Dungeons. Dragons. Graph paper. Funny dice.

Do you employ hirelings?

When I first started reading about old-school gaming, what struck me was how little my adolescent Basic and 1e games resembled the Old-School Style. Much of the difference, I’m starting to suspect, was that we ignored rules that sounded “boring” without trying them. We didn’t use encumbrance, for example, or keep track of light sources. In retrospection, resource management was a huge element of the game—an element we ignored perhaps to our detriment. So, I’ve been picking through my memory and reading old rulebooks, making a list of mechanics I’ve never actually played. One of those is the use of hirelings. In Men & Magic, it says:

Charisma is a combination of appearance, personality, and so forth. Its primary function is to determine how many hirelings of unusual nature a character can attract. This is not to say that he cannot hire men-at-arms and employ mercenaries, but the charisma function will affect loyalty of even these men. Players will, in all probability, seek to hire Fighting-Men, Magic-Users, and/or Clerics in order to strengthen their roles in the campaign. A player-character can employ only as many as indicated by his charisma score.

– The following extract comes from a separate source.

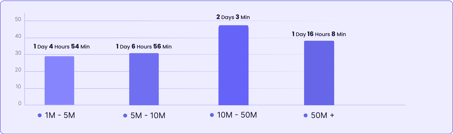 We analyzed the same 62 companies as in our activation rate study to provide a detailed view of how long it typically takes for users to reach their first value moment after starting to use the products. The data was taken from Userpilot’s user activation dashboard again.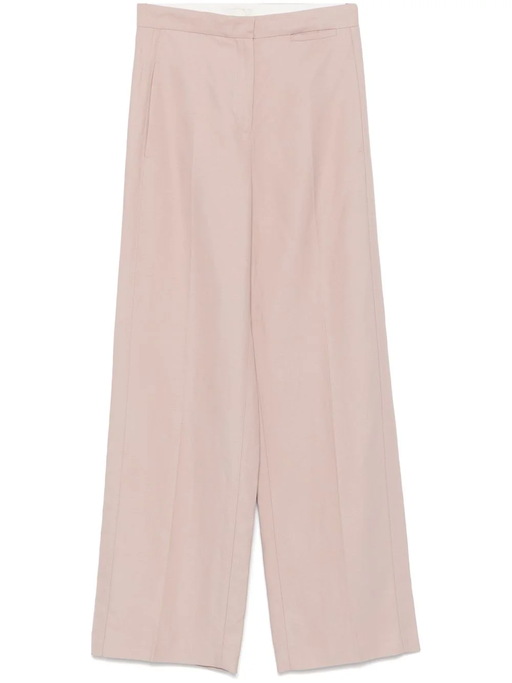 tailored trousers Highlights - Powder pink - Concealed front button, hook and zip fastening - Front welt pocket - Two side slit pockets - Rear jetted pocket Imported Composition Outer: Viscose 85%, Linen/Flax 15% Lining: Viscose 100% SIZE & FIT Model measurements Height 5 ft 10 in(1.79 m) Bust/Chest 31.88 in(81 cm) Hips 35.43 in(90 cm) Waist 23.62 in(60 cm) FittingInformation Designed for a straight-leg fit, these trousers allow for a close fit at the waist and an unrestricted, comfortable fit over the leg Made from a midweight non-stretch fabric

If the primary function of charisma is to determine the number and loyalty of hirelings, and charisma itself was important enough to make it one of the six attributes, then hirelings must be an important part of the game, right? On the other hand, M&M later speaks of “acquiring a regular entourage of various character types, monsters, and an army of some form.” That makes me question whether hirelings were in fact a vestigial hold-over from Chainmail, and little-used in actual D&D play. I’d love to hear anecdotal evidence one way or the other. Did you use hirelings in your games back in the day? Do you use them now?

1 comment:

Scott July 31, 2010 at 2:44 PM

I don’t remember using them much when we first started playing, but as we got into the game more and were playing at every opportunity, they became pretty common as a way for solo PCs to take on bigger challenges (e.g., published modules) on those occasions when it was just one of us spending the night over at someone’s house etc.

I allow and make provision for their use now but don’t encourage it or discourage it. Purely a player decision as far as I’m concerned.